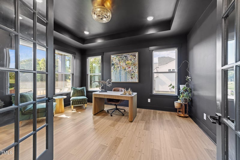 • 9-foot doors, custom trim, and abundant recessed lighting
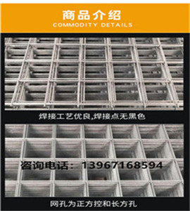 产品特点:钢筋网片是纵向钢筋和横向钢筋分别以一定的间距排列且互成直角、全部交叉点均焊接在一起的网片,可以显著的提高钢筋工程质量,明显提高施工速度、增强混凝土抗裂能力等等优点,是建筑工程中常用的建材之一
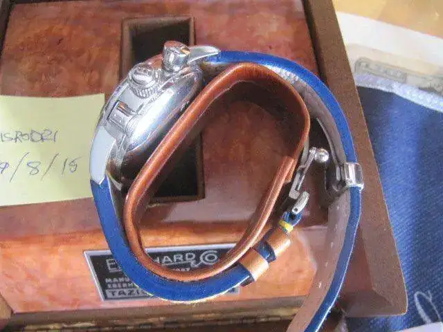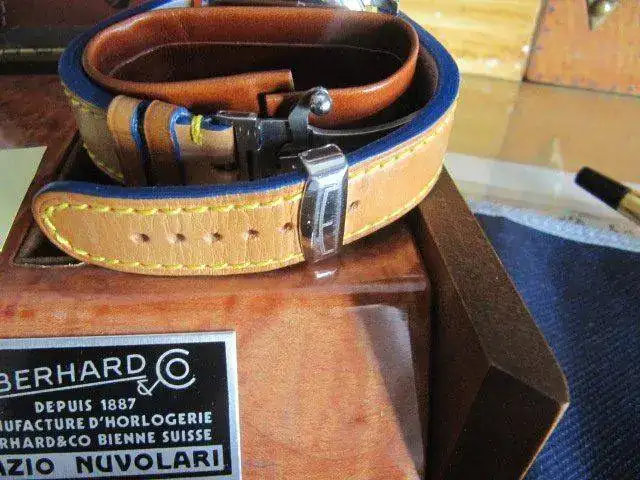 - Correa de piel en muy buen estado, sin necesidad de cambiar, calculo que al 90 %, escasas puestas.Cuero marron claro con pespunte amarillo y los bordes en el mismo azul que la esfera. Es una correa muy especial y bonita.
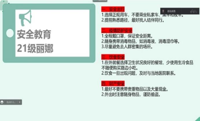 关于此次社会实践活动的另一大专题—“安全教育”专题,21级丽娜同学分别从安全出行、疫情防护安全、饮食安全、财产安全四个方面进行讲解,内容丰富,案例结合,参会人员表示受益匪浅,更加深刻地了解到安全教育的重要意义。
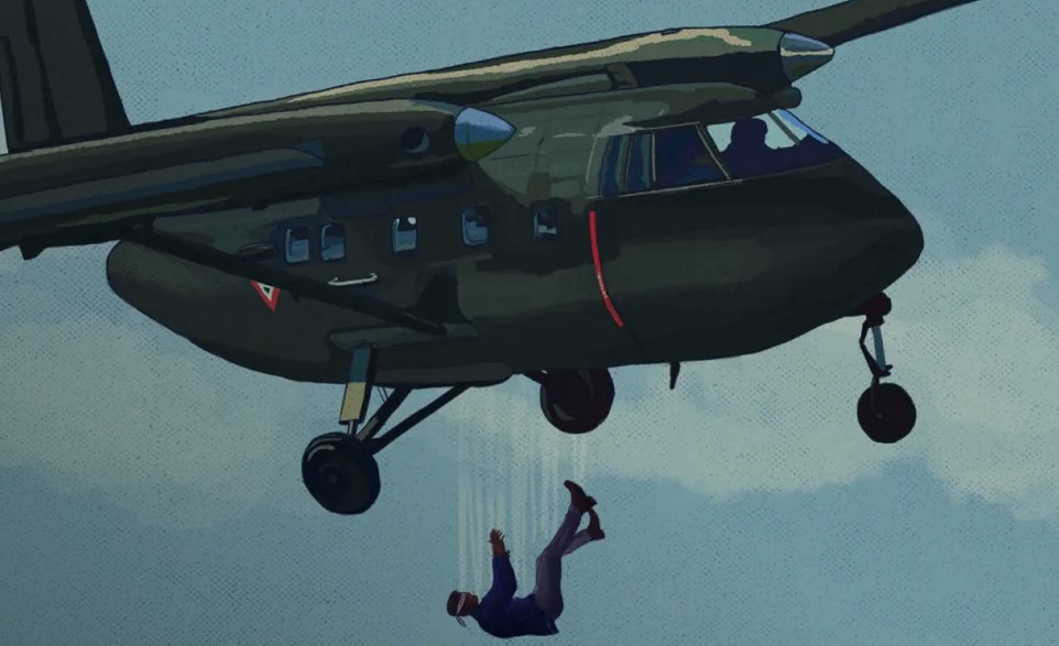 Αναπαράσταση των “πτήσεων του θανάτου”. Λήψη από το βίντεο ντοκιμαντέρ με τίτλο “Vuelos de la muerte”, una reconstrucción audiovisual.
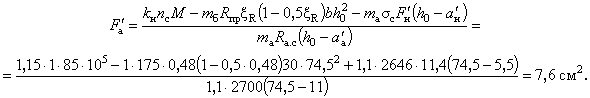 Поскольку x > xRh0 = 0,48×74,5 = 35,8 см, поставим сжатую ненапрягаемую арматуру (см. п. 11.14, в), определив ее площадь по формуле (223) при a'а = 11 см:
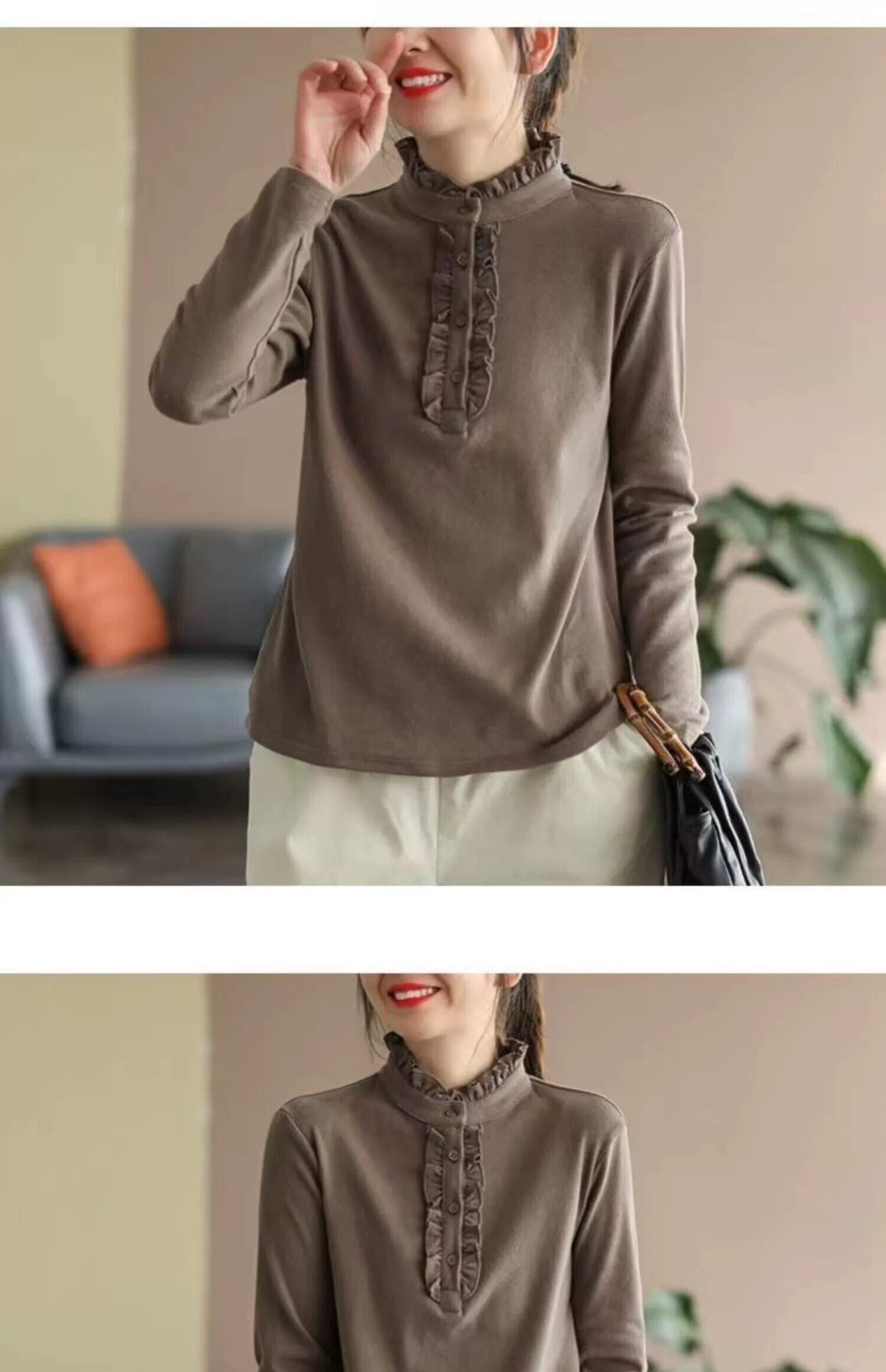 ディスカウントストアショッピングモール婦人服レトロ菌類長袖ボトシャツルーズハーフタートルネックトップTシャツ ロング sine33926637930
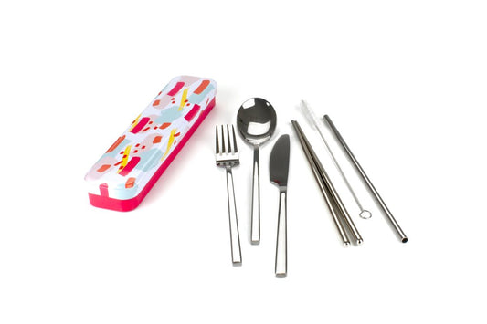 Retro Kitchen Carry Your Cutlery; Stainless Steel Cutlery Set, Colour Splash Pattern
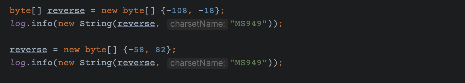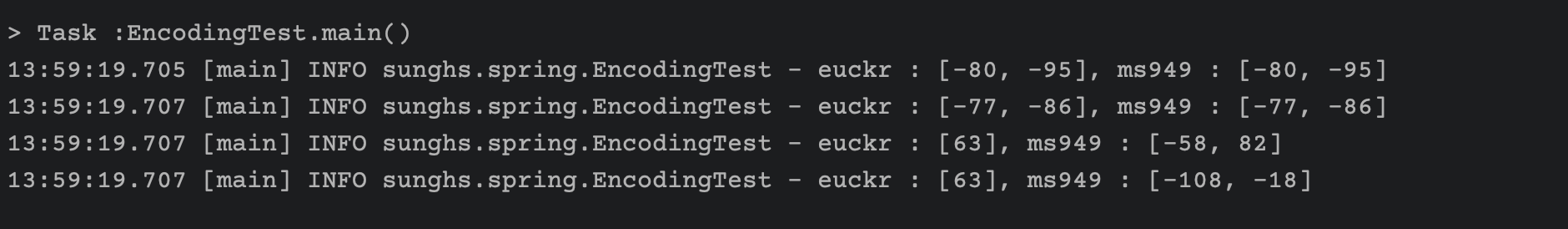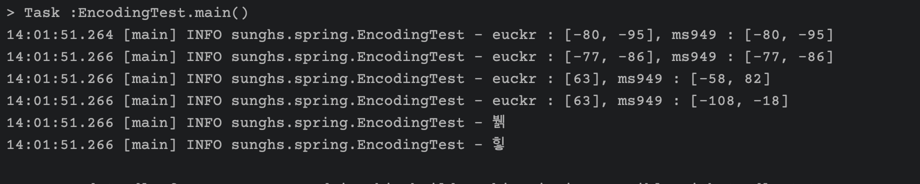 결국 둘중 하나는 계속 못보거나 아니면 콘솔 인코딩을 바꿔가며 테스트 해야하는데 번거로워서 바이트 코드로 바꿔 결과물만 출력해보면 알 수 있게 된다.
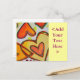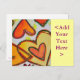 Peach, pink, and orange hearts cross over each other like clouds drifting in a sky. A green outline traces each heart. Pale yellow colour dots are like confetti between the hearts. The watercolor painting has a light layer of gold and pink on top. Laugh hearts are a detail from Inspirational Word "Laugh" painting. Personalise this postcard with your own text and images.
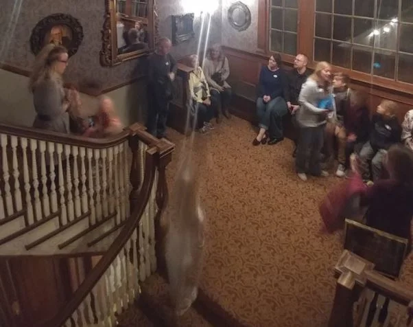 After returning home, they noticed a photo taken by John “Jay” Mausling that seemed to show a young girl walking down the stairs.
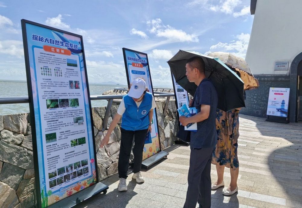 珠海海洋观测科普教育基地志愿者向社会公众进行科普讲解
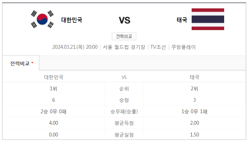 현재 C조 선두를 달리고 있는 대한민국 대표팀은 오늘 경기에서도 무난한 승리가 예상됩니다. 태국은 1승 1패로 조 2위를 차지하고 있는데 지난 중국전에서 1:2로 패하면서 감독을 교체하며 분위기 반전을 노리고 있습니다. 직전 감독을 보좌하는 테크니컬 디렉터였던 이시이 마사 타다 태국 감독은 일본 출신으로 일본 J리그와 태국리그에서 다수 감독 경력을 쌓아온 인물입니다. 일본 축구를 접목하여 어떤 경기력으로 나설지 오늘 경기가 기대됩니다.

- PROBLEM STATEMENT -
In the answer, include exactly the lines from the top of the entries through the line containing "关于此次社会实践活动的另一大", and nothing else, not even the pictures.

- TASK RESPONSE -
 • 9-foot doors, custom trim, and abundant recessed lighting
 产品特点:钢筋网片是纵向钢筋和横向钢筋分别以一定的间距排列且互成直角、全部交叉点均焊接在一起的网片,可以显著的提高钢筋工程质量,明显提高施工速度、增强混凝土抗裂能力等等优点,是建筑工程中常用的建材之一
 - Correa de piel en muy buen estado, sin necesidad de cambiar, calculo que al 90 %, escasas puestas.Cuero marron claro con pespunte amarillo y los bordes en el mismo azul que la esfera. Es una correa muy especial y bonita.
 关于此次社会实践活动的另一大专题—“安全教育”专题,21级丽娜同学分别从安全出行、疫情防护安全、饮食安全、财产安全四个方面进行讲解,内容丰富,案例结合,参会人员表示受益匪浅,更加深刻地了解到安全教育的重要意义。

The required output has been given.